This repository offers a structured pathway to broaden your technical and analytical abilities through hands-on exercises, tutorials, and real-world examples. It highlights the pivotal role of research data management, guiding you from data collection and organization to long-term preservation and responsible sharing.
By weaving in best practices for metadata creation, version control, and reproducible workflows, this project empowers you to handle diverse datasets with confidence, ensuring your research remains transparent, reliable, and primed for future discovery.
This repository provides a comprehensive examination of Sierra Leone’s economy through variables such as GDP growth, inflation rates, employment figures, trade balances, and sectoral outputs. You’ll sharpen your skills in data cleaning, statistical modeling, and visualization by working with real-world datasets.
- Project Status
- Getting Started
- Dataset
- File Structure
- Analysis and Visualizations
- Future Enhancements
- Contributing
- License
- Acknowledgments
For a detailed log of recent changes and updates to the project, please see the project_updates.md file.
These instructions will get you a copy of the project up and running on your local machine for development and testing purposes.
- Clone the repository:
git clone <repository-url>
- Open the project in RStudio:
Open the
FAIR_DATA-Exercise.Rprojfile. - Install R packages:
Run the following command in the R console to install the necessary packages:
install.packages(c("ggplot2", "plotly", "readxl", "openxlsx", "dplyr", "lubridate"))
Open the fair_d.R script in RStudio and run it to perform the data analysis and generate the visualizations.
The dataset used for this analysis is Research_data.xlsx. It contains economic and health indicators for Sierra Leone. The columns include:
year: The year of the observation.gdp in $: Gross Domestic Product in US dollars.gdp per capita $: GDP per capita in US dollars.gee_pof_gdp: Percentage of Government Expenditure on Education.ghe_pof_gdp: Percentage of Government Health Expenditure of GDP.
For more detailed information about the dataset, please refer to the MetaData.docx file.
.
├── .gitignore
├── fair_d.R
├── FAIR_DATA-Exercise.Rproj
├── GEMINI.md
├── LICENSE
├── MetaData.docx
├── project_updates.md
├── README.md
├── Research_data.xlsx
└── Vizualizations
└── Vizualizations
├── ... (HTML and PNG files)
└── about_visuals.md
.Rproj: The RStudio project file..R: The main R script for the analysis.Research_data.xlsx: The dataset file.Vizualizations/Vizualizations/: Contains the output visualizations from the R script.Vizualizations/Vizualizations/about_visuals.md: Documentation for the visualizations.MetaData.docx: Contains the metadata for the dataset.GEMINI.md: Guidelines for interacting with this project using Gemini.project_updates.md: A log of recent changes to the project.LICENSE: The project license.README.md: This file.

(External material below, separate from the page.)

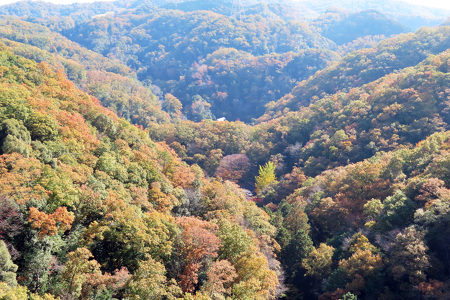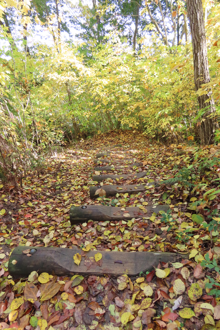星のブランコから見下ろす樹々は紅葉ではなく黄葉する植物たちです。現状は少し黄色くなってきたかな、といったところ。

The fair_d.R script performs the following steps:
- Loads the data from
Research_data.xlsx. - Cleans the data by removing unnecessary columns and rows with missing values.
- Transforms the data, including converting the 'year' column to a date format.
- Generates visualizations to explore the relationships between different variables.
The following visualizations are created:
- A line chart showing the trend of GDP over the years.
- A line chart showing the trend of the percentage of government expenditure on education.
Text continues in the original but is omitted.